● ENTRIES SHOWN:

════════════════

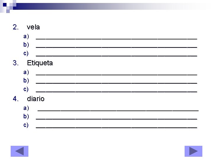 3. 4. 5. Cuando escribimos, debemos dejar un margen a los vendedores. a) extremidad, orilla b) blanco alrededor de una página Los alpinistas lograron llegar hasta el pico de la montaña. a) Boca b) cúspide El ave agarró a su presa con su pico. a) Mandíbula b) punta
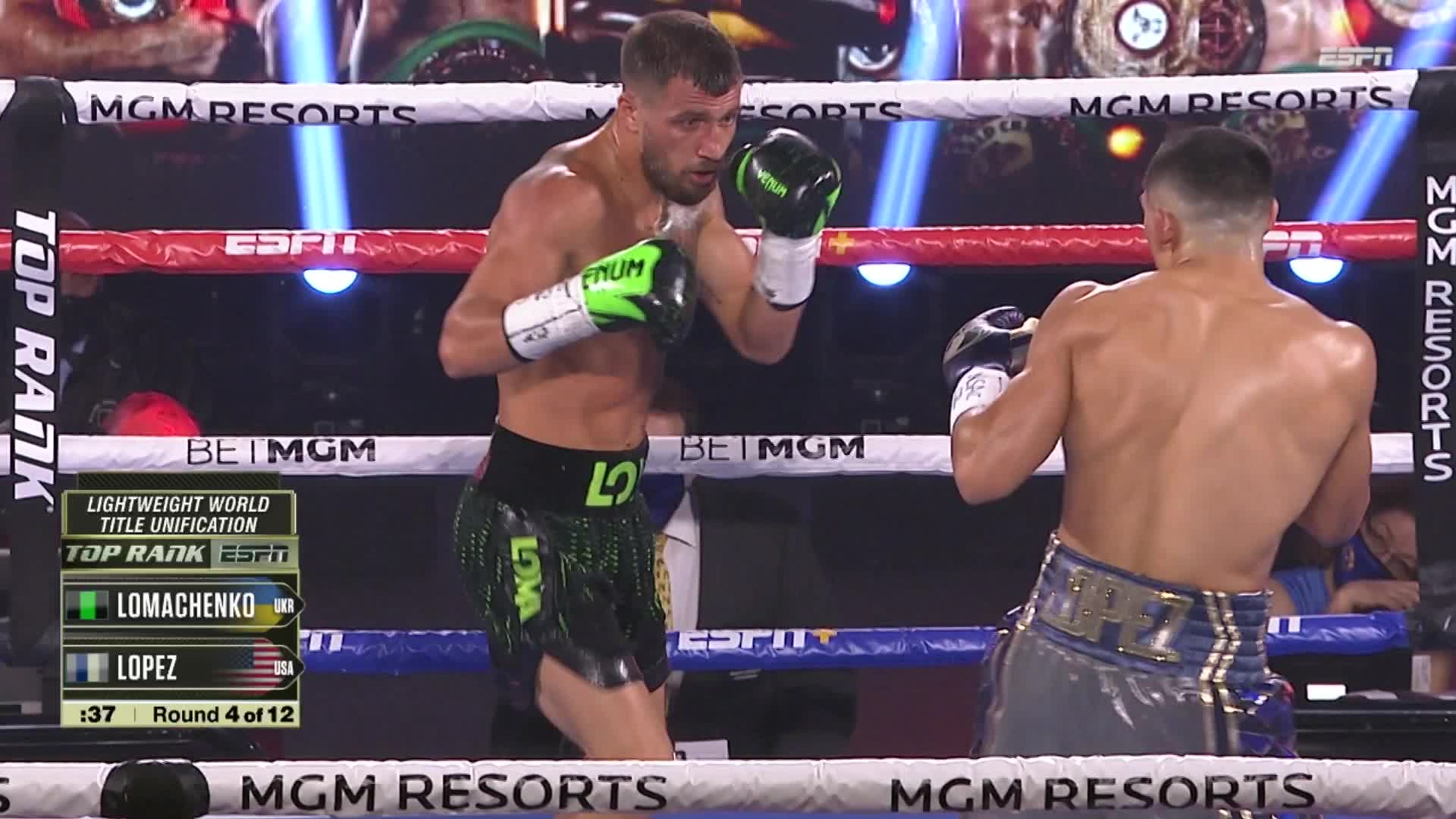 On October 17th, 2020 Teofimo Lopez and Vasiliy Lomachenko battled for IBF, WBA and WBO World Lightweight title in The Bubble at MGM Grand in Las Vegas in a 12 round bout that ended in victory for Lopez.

════════════════

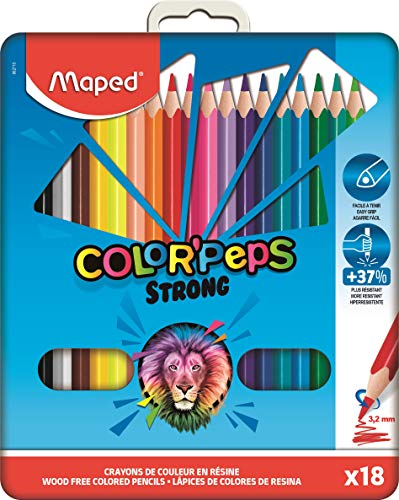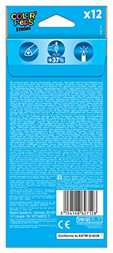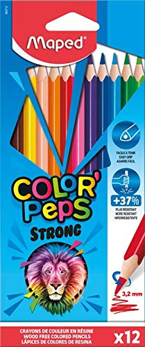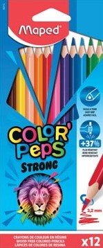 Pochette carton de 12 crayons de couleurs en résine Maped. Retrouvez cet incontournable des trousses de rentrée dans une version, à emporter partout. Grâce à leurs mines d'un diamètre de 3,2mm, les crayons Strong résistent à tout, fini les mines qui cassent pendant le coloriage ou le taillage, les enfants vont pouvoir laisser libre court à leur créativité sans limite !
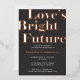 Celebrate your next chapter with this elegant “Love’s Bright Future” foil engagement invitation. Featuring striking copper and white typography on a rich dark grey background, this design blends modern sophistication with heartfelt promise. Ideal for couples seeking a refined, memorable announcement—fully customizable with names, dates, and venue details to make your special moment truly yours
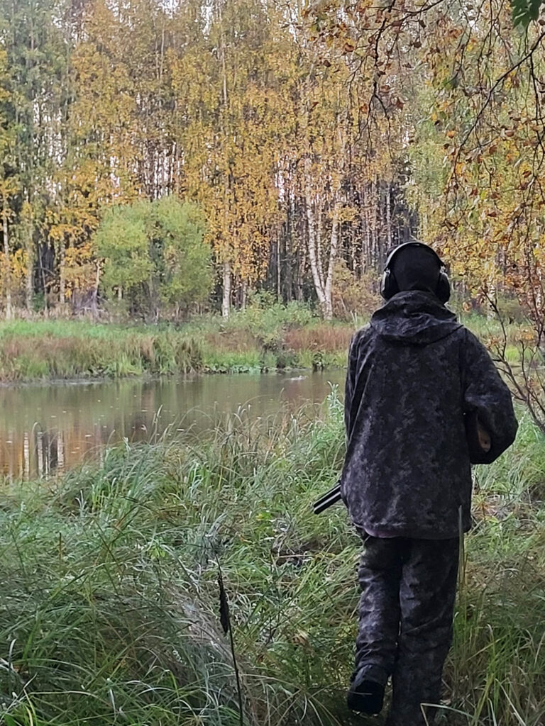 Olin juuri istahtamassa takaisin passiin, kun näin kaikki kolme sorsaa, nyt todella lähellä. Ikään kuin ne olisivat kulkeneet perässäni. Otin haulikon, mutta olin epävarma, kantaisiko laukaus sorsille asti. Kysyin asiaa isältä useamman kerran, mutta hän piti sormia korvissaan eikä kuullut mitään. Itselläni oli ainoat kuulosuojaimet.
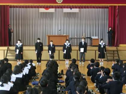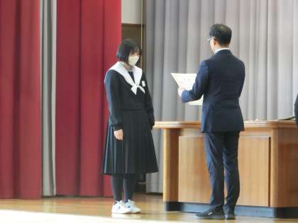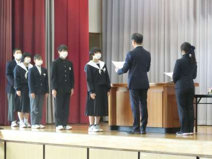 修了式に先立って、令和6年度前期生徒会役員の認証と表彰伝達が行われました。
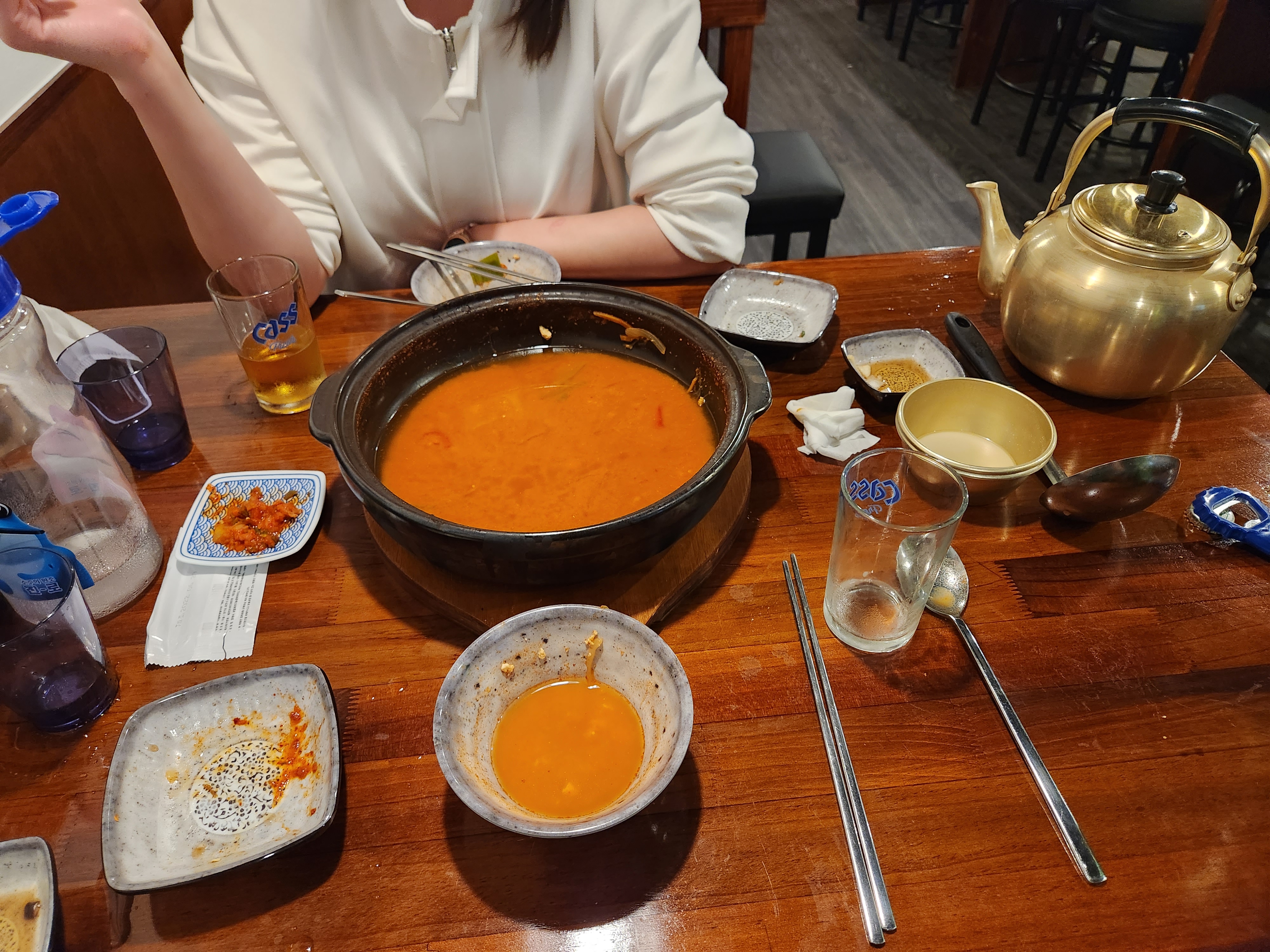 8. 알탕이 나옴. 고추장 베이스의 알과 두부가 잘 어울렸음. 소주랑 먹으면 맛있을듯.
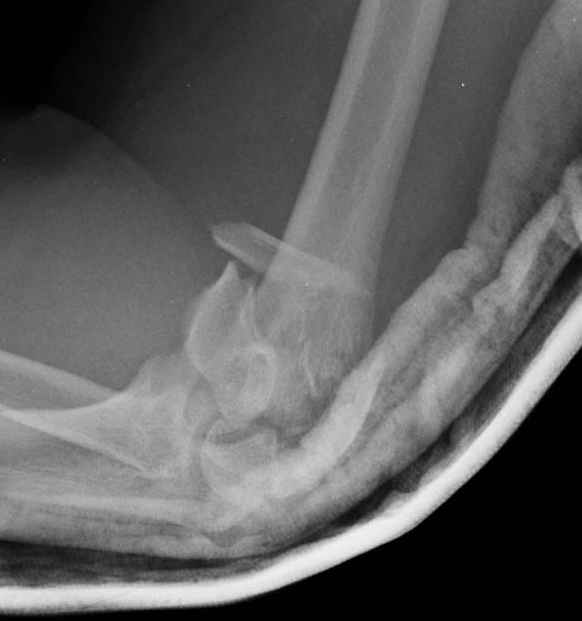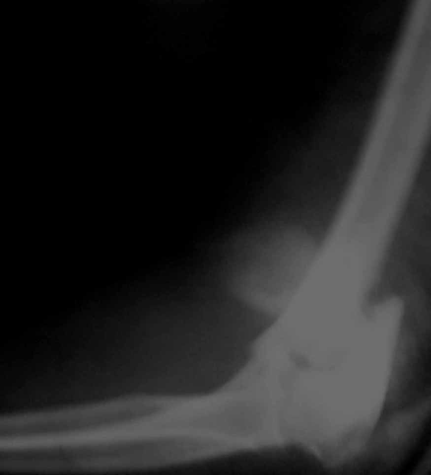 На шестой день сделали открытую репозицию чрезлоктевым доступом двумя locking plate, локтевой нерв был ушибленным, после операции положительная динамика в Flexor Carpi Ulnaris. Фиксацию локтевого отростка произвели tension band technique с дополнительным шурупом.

════════════════

● INSTRUCTIONS FOR THE TASK: An exact transcription is needed of the lines from the one with "8. 알탕이 나옴. 고추장" to the one with "На шестой день" above, both ends included, with pictures left out.

● EXERCISE SOLUTION:
 8. 알탕이 나옴. 고추장 베이스의 알과 두부가 잘 어울렸음. 소주랑 먹으면 맛있을듯.
 На шестой день сделали открытую репозицию чрезлоктевым доступом двумя locking plate, локтевой нерв был ушибленным, после операции положительная динамика в Flexor Carpi Ulnaris. Фиксацию локтевого отростка произвели tension band technique с дополнительным шурупом.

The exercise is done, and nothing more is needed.